For this exercise, output the entries below exactly from the line that holds "Gambar 3. Sesi Games Seru dengan Anak" to the line that holds "Ahlatcı Çorum FK, öne", both ends included. No pictures belong in the copy.

Data excerpts:

⁂

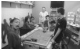
Serviço de convivência com as crianças

No anexo Santa Cruz, os serviços acontecem na terça e quarta, de manhã e tarde. Os encontros tiveram início em 6/04/2017.
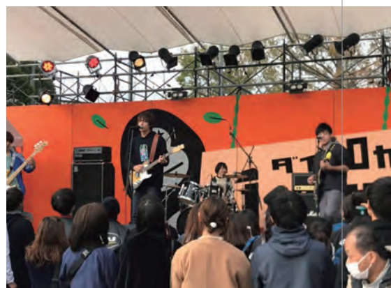
大学の学祭でのライブの様子
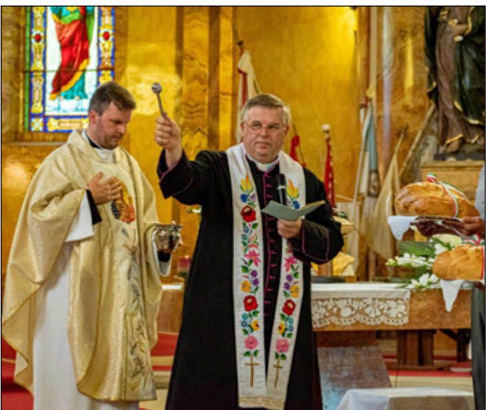
Szent. István ünnepi szentmise augusztus 20-án
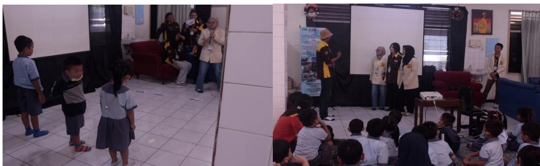
Gambar 3. Sesi Games Seru dengan Anak
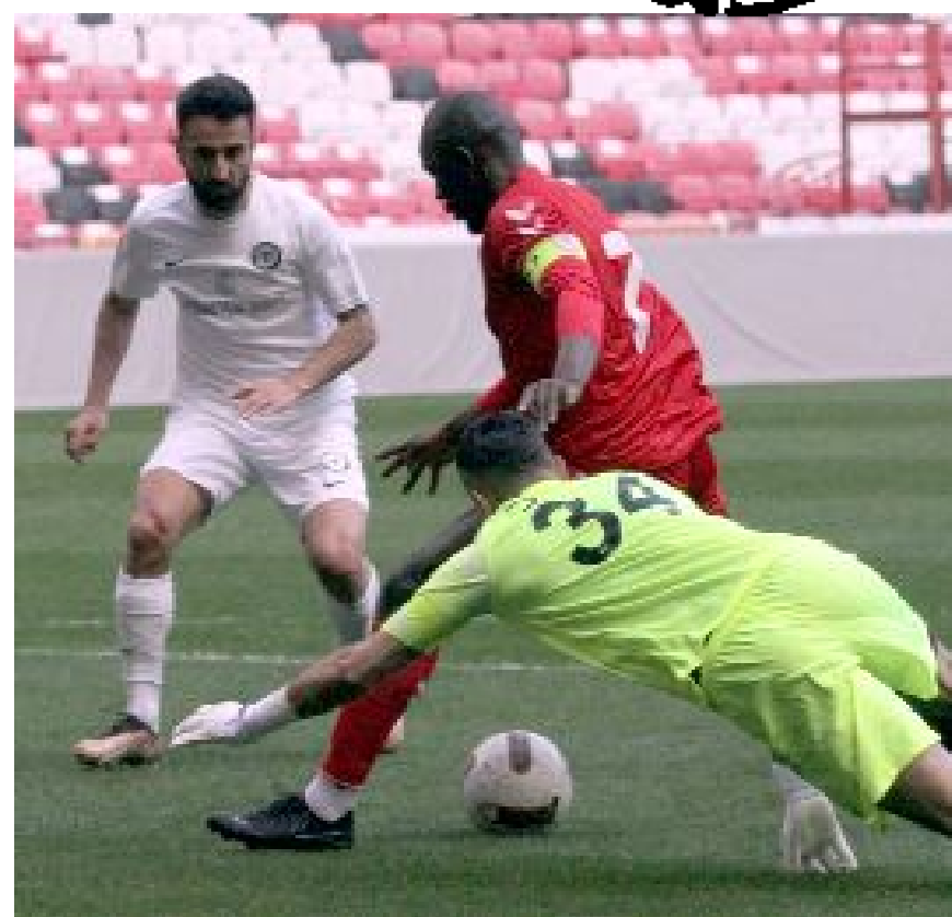
Ahlatcı Çorum FK, öne geçtiği maçta Samsunspor'a farklı yenildi.

3-1'lik üstünlüğü ile tamamlandı. İkinci yarıya Samsunspor tamamen farklı bir birle çıkarken, Ahlatcı Çorum FK'da ise sadece kalede değişiklik oldu. Kırmızı-siyahlı ekip ikinci yarıya Ali Türkan'ın yerine Hasan Hüseyin Akınay değişikliği ile başladı. İlk yarı olduğu gibi ikinci yarıda Samsunspor'un bariz üstünlüğü altında oynandı. Keçiörengücü ile oynayacağı maçın provası niteliğindeki karşılaşmada, Çorum temsilcisinde savunmadaki hatalar ve basit top kayıpları dikkat çekerken, 61'de Taylan Antalyalı, 81'de Emre Kılınç ve 84'te Ercan Kara ile 3 gol daha bulan Samsunspor sahadan 6-1 galip ayrıldı. (Hüseyin AŞKIN)
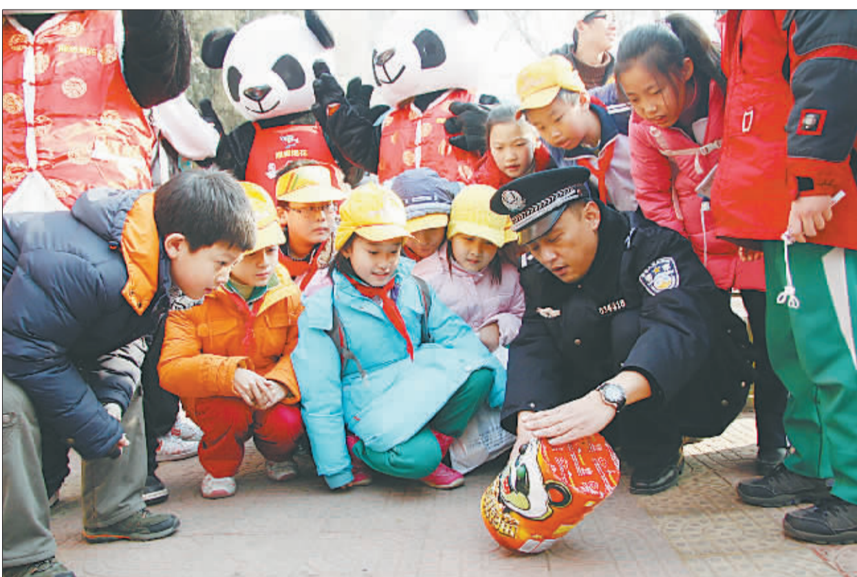
北京:民警进校园宣传烟花安全燃放

⁂

- _FINISHED EXERCISE_:
Gambar 3. Sesi Games Seru dengan Anak
Ahlatcı Çorum FK, öne geçtiği maçta Samsunspor'a farklı yenildi.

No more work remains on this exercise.